Task material:
**********
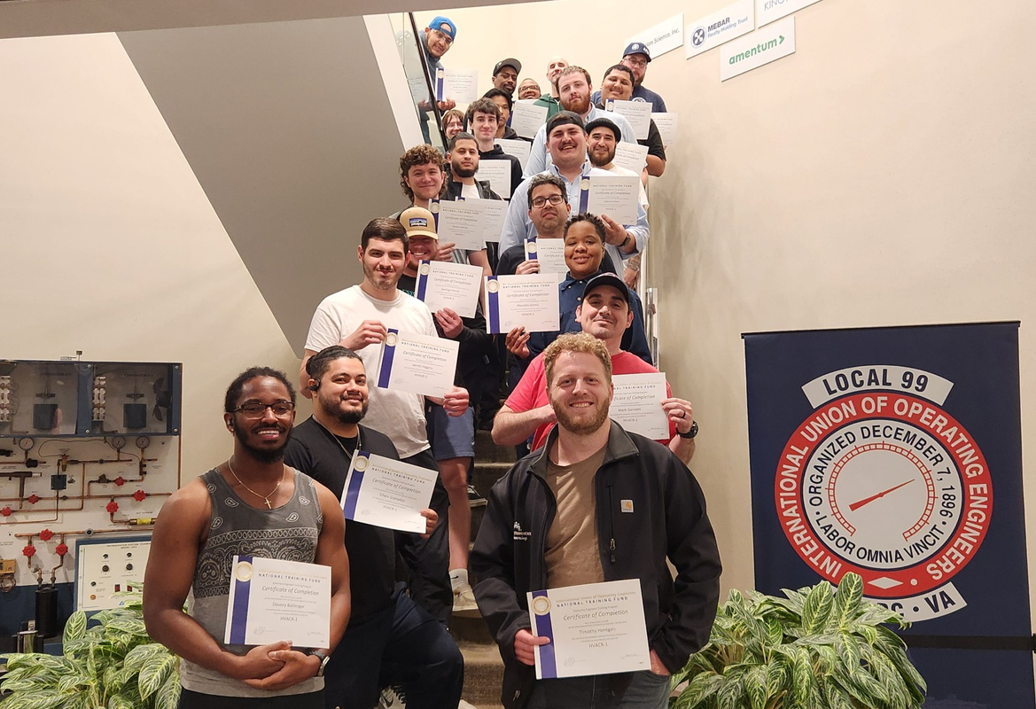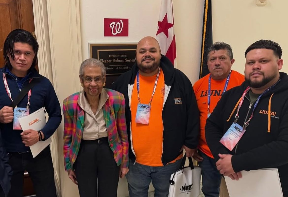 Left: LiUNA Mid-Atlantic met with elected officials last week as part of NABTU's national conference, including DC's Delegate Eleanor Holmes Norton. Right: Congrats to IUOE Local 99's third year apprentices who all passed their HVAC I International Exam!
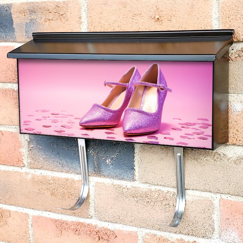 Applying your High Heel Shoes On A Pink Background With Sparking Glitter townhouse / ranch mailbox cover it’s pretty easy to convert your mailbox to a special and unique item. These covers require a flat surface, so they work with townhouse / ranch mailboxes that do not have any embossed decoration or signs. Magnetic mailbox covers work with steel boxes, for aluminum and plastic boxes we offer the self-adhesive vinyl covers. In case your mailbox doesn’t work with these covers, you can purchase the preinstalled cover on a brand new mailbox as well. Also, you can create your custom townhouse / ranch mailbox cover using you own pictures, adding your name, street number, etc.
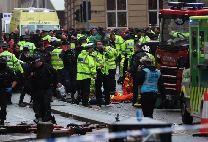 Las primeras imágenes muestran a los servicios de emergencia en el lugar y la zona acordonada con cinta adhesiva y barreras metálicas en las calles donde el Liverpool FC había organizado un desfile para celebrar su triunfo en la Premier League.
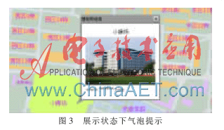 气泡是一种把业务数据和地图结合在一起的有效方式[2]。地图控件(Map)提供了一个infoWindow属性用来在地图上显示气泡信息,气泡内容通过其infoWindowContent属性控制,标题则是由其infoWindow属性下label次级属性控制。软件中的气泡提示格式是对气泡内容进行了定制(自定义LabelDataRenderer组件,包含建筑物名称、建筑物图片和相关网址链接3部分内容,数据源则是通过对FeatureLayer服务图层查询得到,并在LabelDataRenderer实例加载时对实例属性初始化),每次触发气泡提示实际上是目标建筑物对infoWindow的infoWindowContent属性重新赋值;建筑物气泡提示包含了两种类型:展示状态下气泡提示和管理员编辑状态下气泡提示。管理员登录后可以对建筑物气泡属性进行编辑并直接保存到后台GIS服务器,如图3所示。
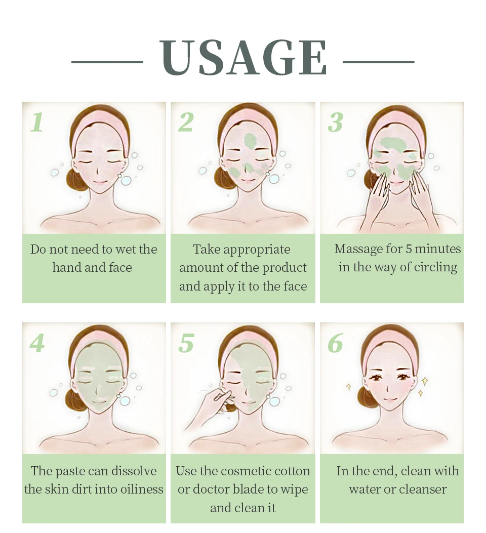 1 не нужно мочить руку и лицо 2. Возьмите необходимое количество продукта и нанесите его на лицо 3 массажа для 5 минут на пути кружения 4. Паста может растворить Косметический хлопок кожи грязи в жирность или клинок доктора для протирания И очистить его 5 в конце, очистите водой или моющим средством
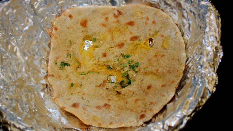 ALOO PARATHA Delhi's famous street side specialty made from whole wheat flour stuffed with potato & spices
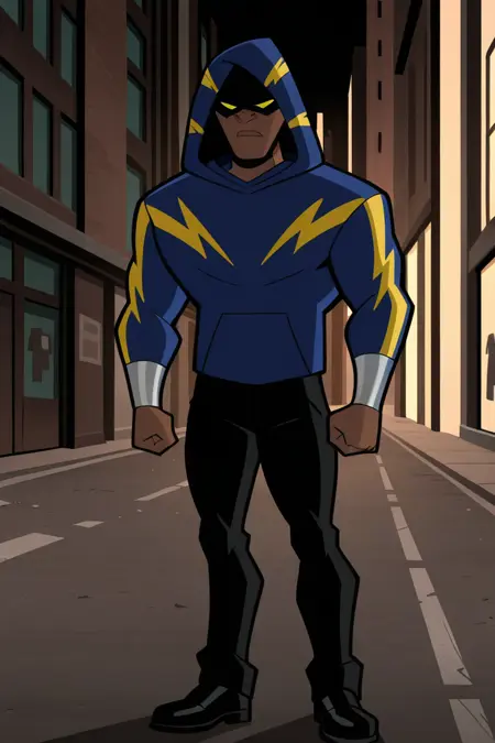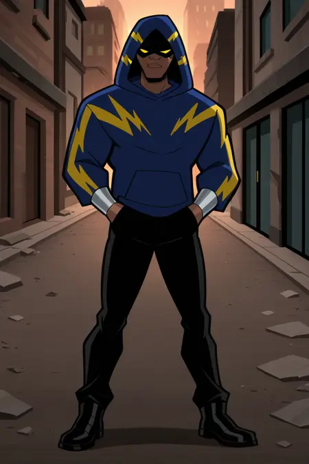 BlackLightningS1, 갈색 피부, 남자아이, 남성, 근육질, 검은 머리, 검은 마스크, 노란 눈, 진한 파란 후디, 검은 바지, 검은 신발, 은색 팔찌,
**********
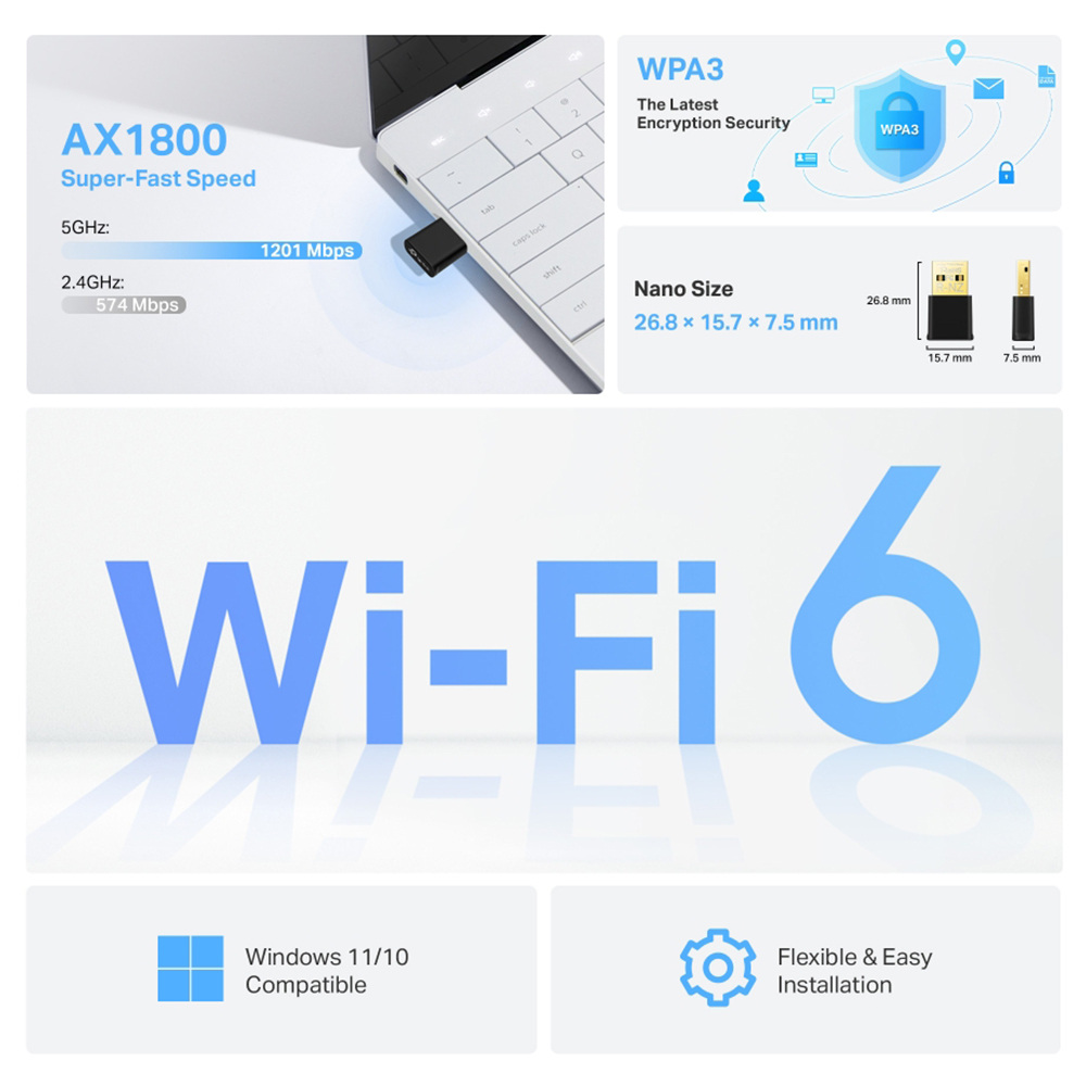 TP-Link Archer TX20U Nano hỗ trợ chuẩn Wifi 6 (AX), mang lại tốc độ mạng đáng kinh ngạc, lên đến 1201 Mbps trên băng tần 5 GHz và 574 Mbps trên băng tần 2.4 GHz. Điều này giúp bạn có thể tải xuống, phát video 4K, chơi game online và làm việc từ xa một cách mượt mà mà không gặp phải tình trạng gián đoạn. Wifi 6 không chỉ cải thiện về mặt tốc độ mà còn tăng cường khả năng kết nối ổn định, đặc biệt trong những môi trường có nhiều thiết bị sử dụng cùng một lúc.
**********
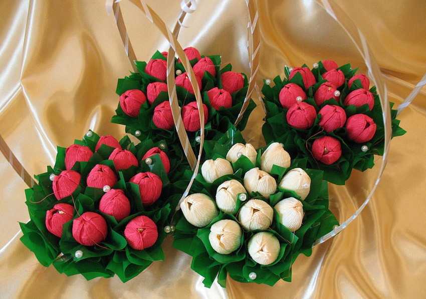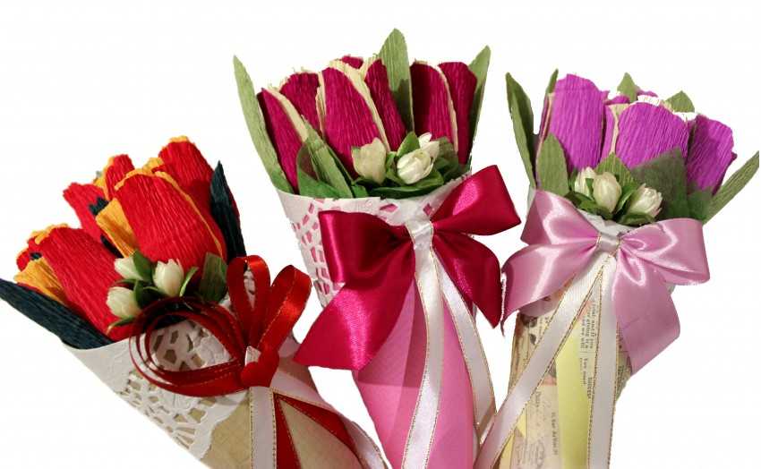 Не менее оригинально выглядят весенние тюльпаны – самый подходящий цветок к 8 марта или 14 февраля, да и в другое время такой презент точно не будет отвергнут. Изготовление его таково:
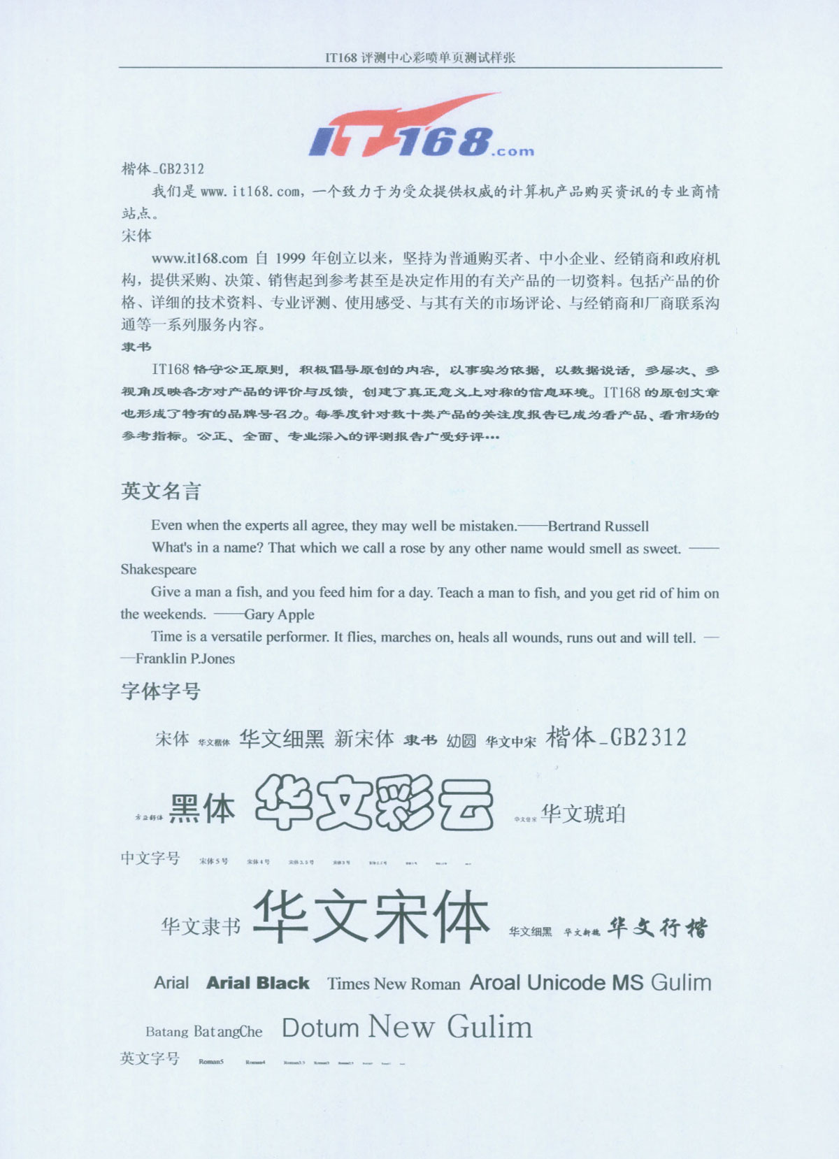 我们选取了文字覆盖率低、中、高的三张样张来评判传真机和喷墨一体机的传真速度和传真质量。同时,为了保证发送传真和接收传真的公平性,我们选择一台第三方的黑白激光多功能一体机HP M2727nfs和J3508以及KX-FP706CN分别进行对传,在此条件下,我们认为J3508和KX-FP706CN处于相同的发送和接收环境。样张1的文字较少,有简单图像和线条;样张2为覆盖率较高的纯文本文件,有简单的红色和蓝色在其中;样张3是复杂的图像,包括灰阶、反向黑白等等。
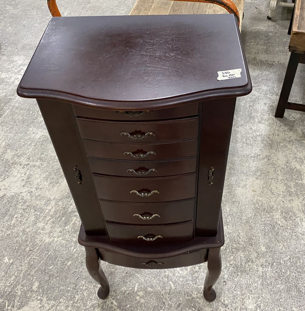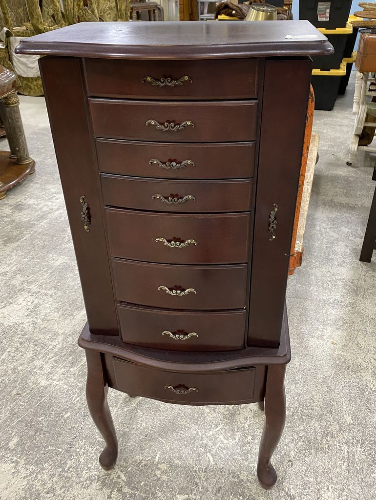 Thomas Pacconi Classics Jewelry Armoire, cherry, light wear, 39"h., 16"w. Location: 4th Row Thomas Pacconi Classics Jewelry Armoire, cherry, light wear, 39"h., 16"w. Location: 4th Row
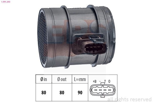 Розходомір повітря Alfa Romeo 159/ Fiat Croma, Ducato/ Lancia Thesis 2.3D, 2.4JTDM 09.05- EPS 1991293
**********
Activity: In the listing above, find the line containing "ALOO PARATHA Delhi's" and the line containing "BlackLightningS1, 갈색 피부, 남자아이, 남성, 근육질, 검은", then return both of them and every line between, exactly, without pictures.

Response to this exercise:
 ALOO PARATHA Delhi's famous street side specialty made from whole wheat flour stuffed with potato & spices
 BlackLightningS1, 갈색 피부, 남자아이, 남성, 근육질, 검은 머리, 검은 마스크, 노란 눈, 진한 파란 후디, 검은 바지, 검은 신발, 은색 팔찌,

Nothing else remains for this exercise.